Philharmoniker Volker Worlitzsch mit seiner 1 1/2 j‰hrigen H¸ndin Freya. Er liebt die Ruhe an seinem Haus und verbringt dort viel Zeit mit der H¸ndin. Seine Tierliebe brachte er fr¸her sogar in Verbindung mit der Musik. Fanny und Felix - ein Katzengeschwisterpaar wurden nach Fanny und Felix Mendelssohn benannt. Felix ist leider bereits vor Jahren entlaufen - die 15 j‰hrige Fanny lebt aber noch immer in der Familie. Quelle: Torsten Volkmer
Ovelgönne

OVELGÖNNE. „Wahrscheinlich doch, weil wir so gut sind“, mutmaßt Volker Worlitzsch über den riesigen Erfolg und den lebhaften Zuspruch zu den Konzerten der Radiophilharmonie im Großen Sendesaal im Funkhaus am Maschsee in Hannover.
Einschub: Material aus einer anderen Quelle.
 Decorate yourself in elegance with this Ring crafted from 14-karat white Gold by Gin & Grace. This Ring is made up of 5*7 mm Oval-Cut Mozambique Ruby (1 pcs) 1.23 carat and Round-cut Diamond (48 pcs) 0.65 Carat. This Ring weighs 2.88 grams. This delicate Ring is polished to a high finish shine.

Aus einem wöchentlichen Konzert wurden zwei und aus einer anfänglich als Versuch konzipierten Matinee wurden regelmäßige Veranstaltungen klassischer Musik. „Und die alle sind regelmäßig ausverkauft“, man müsse schon auf zurückgegebene Abo-Plätze spekulieren, bedauert der Konzertmeister des Orchesters.

Ein leicht fruchtiger Duft zieht aus den festen braunen Keramiktassen. „Früchtetee trinke ich ganz gern“, bietet der freundliche Mann in dem gestreiften Freizeithemd das Getränk an. Hier auf der Terrasse neben dem großen Teich ist es ruhig. Hier entspannt sich der Künstler von den täglichen Proben und den Konzerten.
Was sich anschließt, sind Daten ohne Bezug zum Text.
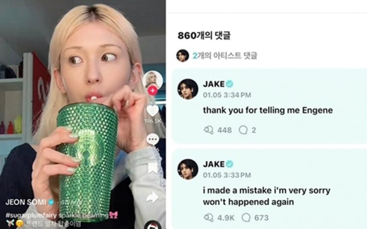 Jeon So Mi deleted a TikTok video after receiving flak for using a Starbucks tumbler. Jake of ENHYPEN apologized to followers after sipping a Starbucks drink during a Weverse live.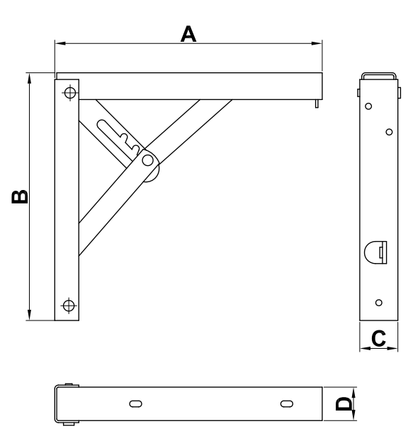 Deze plankdrager is in te klappen nadat deze bevestigd is op een muur.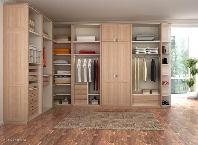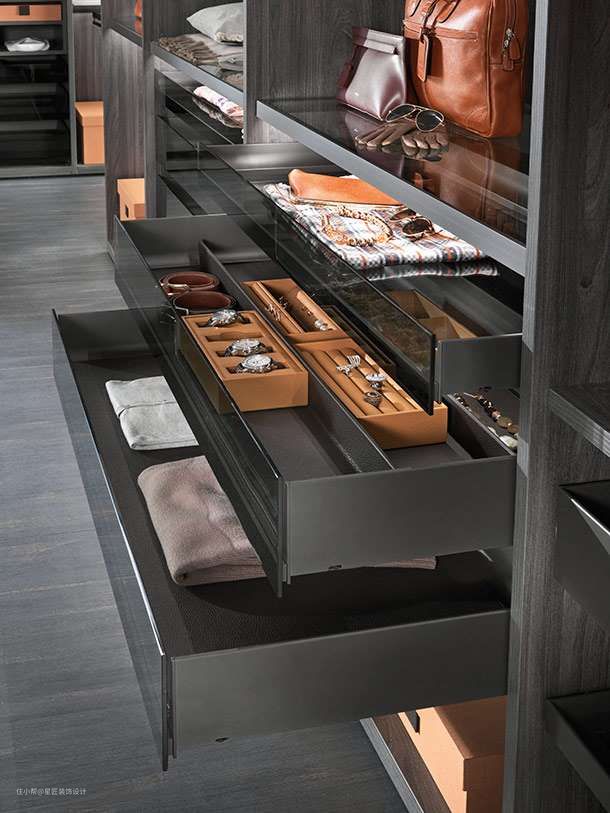建议一般衣橱储物架设置在最上层或最下层,这样衣橱可以架上多点收纳箱,这样就可以节省日常使用的空间,中间便有更多空间展示衣物。

Ein Koi schwimmt an der Oberfläche und gurgelt mit dem Wasser. Es hört sich so an, als ob das Tier Husten hat. „Das ist unser Spuckkoi“, korrigiert Worlitzsch den Eindruck. Es sei einer von sieben Brokatkarpfen, die in dem Teich hier am Waldrand in Ovelgönne leben. Unzählige Kaulquappen tummeln sich in der Uferzone und zwei bronzene Reiher beobachten ruhig das Leben in dem großen Biotop aus einiger Entfernung. „Sie müssten mal am Abend kommen“, da seien die Frösche unüberhörbar. Über 50 Exemplare habe er gezählt. Das sei dann ein Konzert ganz anderer Art.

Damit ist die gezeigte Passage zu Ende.